Joco’s bikes are supplied in part by Acton, a U.S. startup that provides electric micromobility vehicles and the cloud-based software infrastructure to run shared fleets for cities and operators. Acton recently acquired Duckt, an e-bike docking and charging infrastructure startup, signaling a potential increase in more fleet-based customers that will need to dock and charge their bikes in one place.

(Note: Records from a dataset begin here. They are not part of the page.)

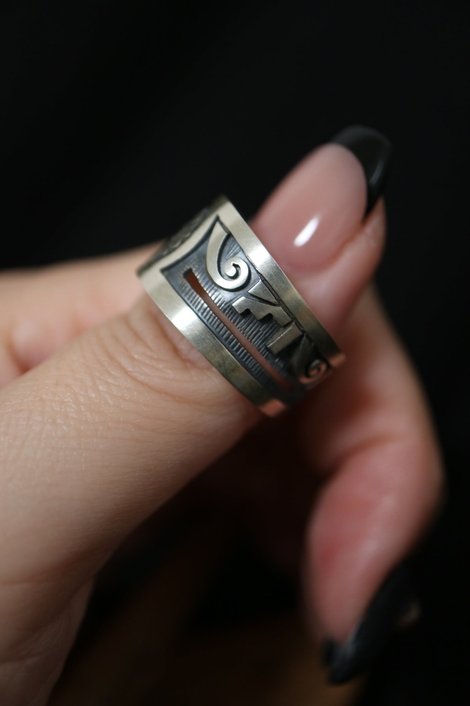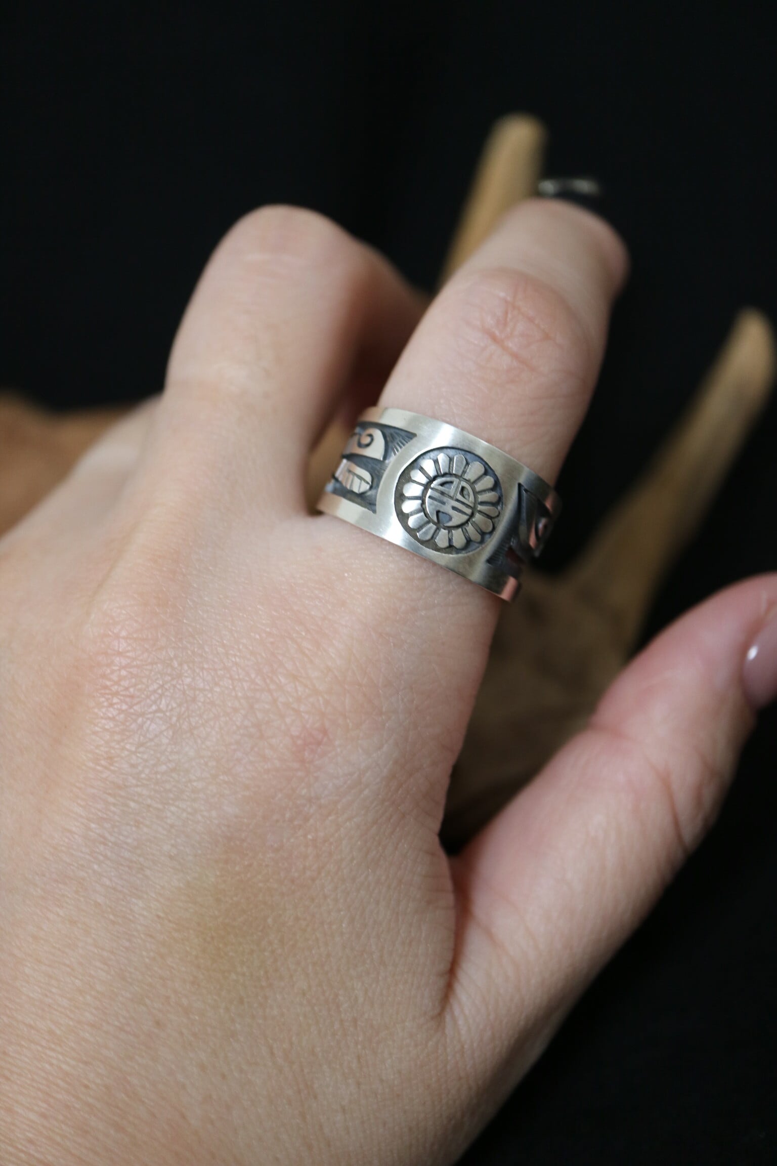 Lucion Koinva はホピ族の中でも非常に評価の高いアーティストで、精密な金属カットと陰影の表現を得意とし、自然や精霊をテーマにしたモチーフを端正で洗練されたスタイルで描くことに定評があります。リングの内側には、彼の作品を示す “LK” のホールマーク と “STERLING” が刻まれ、確かな作家性とスターリングシルバーであることを証明しています。
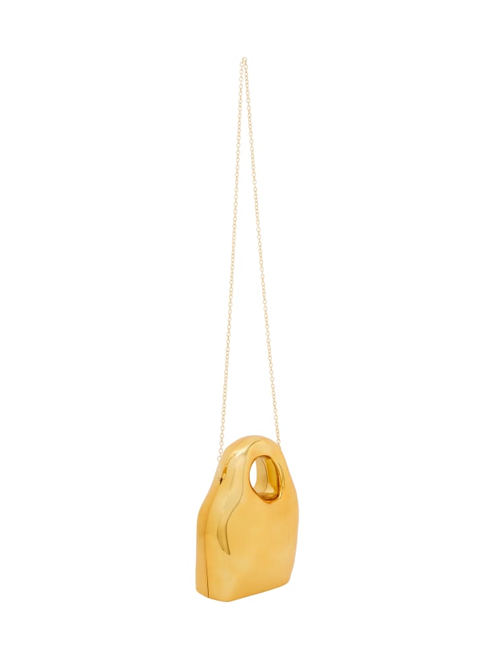 Эта скульптурная композиция может похвастаться гладкой, органической формой с округлым корпусом, сужающимся к основанию. Овальное отверстие сверху служит ручкой или декоративным элементом. Его полированная поверхность прекрасно отражает свет, подчеркивая его современный и минималистский дизайн. Идеально подходит для вечеринок, поставляется с дополнительной цепочкой для универсальности.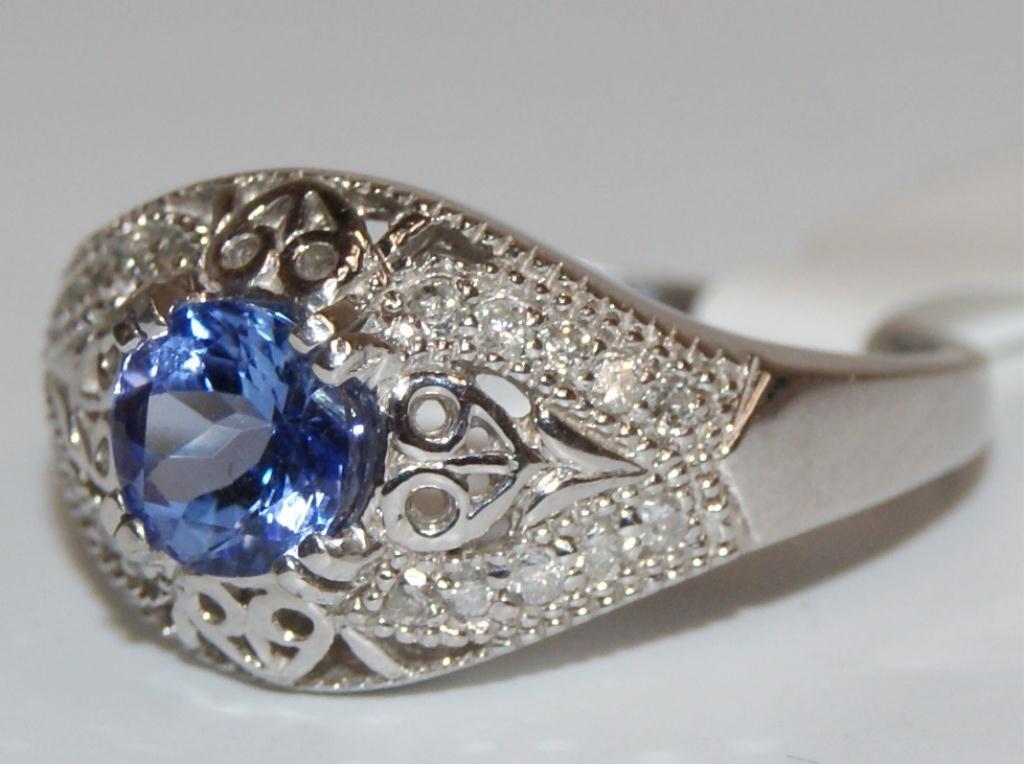 Retail Value $5,630 14Kt White Gold -- 1.00Ctw AAA Tanzanite Round & Diamonds Hand Carved Ladies Ring --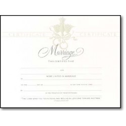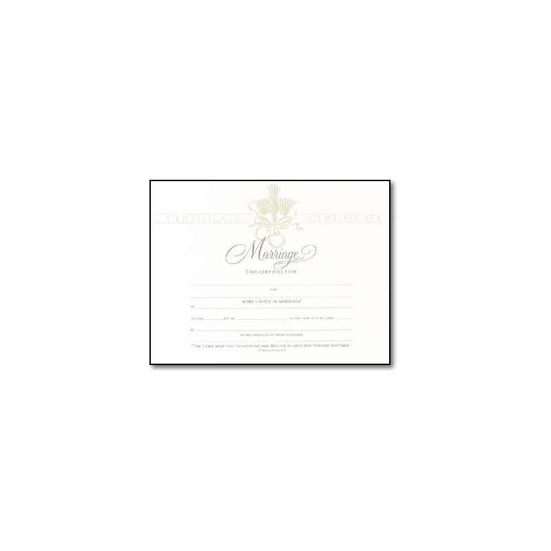 Text MARRIAGE This certifies that (blank line) and (blank line) were united in marriage at (blank line) on the (blank line) day of (blank line) in the year of our Lord (blank line) by (blank line) in the presence of these witnesses (blank line) (blank line) "The Lord make you to increase and abound in love one toward another." 1 Thessalonians 3:12

“In the U.S., about 25% of our customers are leveraging fleet vehicles for last-mile deliveries in various cities, especially major metropolitan areas considering the density of the city and population,” Janelle Wang, co-founder and CEO of Acton, told TechCrunch. “In the EU, more than 50% of our customers are leveraging fleet vehicles for last-mile deliveries, some even for pharmacy deliveries, which I feel it’s fascinating to see. Considering the tight and old town city infrastructure in the EU, LEVs make total sense for people or goods transport, much more so than four-wheel cars, whether EVs or not EVs.”

What’s next?

A variety of factors are converging at the same time that will make micromobility the next big disruptor for last-mile urban delivery: an increase in same-day and next-day delivery demand; the necessity to reduce congestion in cities; the adoption of sustainable methods of transportation; cost efficiencies associated with lighter vehicles; and some seriously advanced technology powering everything from the vehicles themselves to logistics networks.

So whether it’s your midnight sushi burrito or those new headphones from Amazon, expect some form of e-bike to be powering your next delivery.